Albert Turner Bharucha-Reid
(November 13, 1927 – February 26, 1985)
Albert was an American mathematician and theorist who worked extensively on probability theory, Markov chains, and statistics. The author of more than 70 papers and 6 books, his work touched on such diverse fields as economics, physics, and biology.
Bharucha-Reid was born Albert Turner Reid, the son of William Thaddeus Reid and Mae Marie Beamon Reid of Hampton, Virginia. He studied math and biology at Iowa State University, where completed a BS in 1949. He continued his studies at the University of Chicago from 1950 to 1953, where he began to focus more intensely on statistics and probability. He published eight papers during his time at the University of Chicago, but he did not finish his Ph.D. dissertation because he felt it was a waste of time. In 1954, he married Rodabe Phiroze Bharucha, and he legally changed his name to Albert Turner Bharucha-Reid. He had two children, Kurush Feroze Bharucha-Reid, and Rustam William Bharucha-Reid.
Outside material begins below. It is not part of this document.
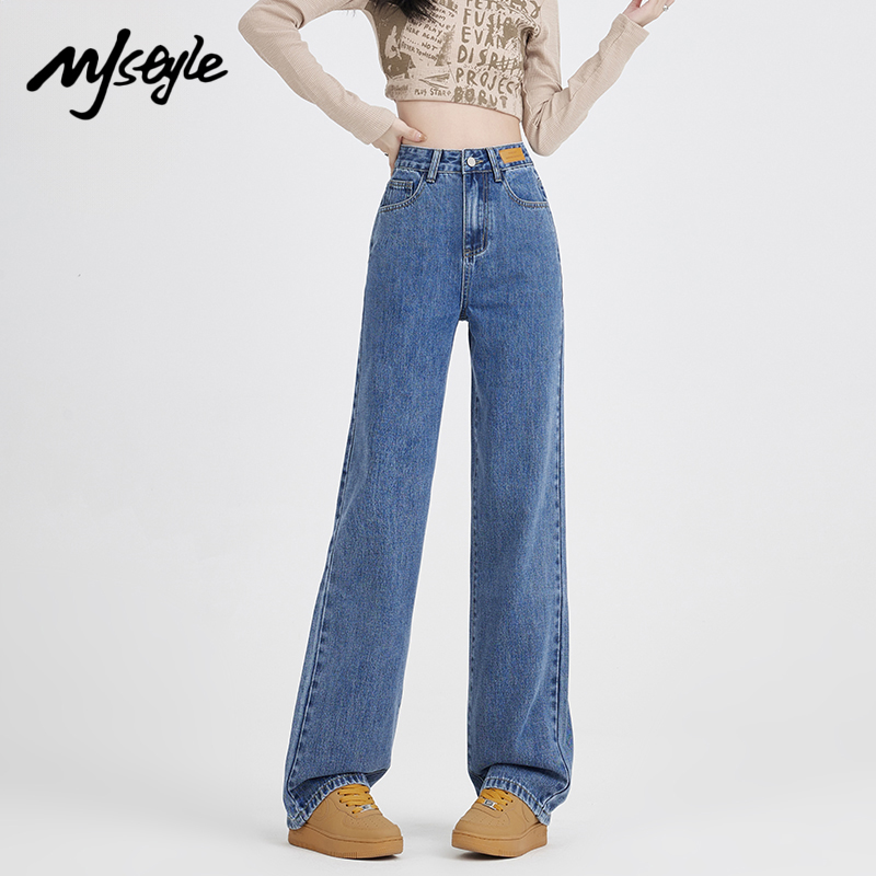 女刺绣高腰显瘦直筒长裤 BANANA 复古牛仔裤 美式 BABY2025年秋新款

Bharucha-Reid published his first paper, a work on mathematical biology when he was only 18 years old. He went on to teach and lecture in the United States, Europe, and India. He held professorships or research positions at Columbia University, the University of California, Berkeley, the University of Oregon, Wayne State University, the Polish Academy of Sciences, and Atlanta University. In particular, in 1970 he was appointed Dean of the School of Arts and Sciences at Wayne State University.
A lecture series has been named in his honor by the National Association of Mathematicians.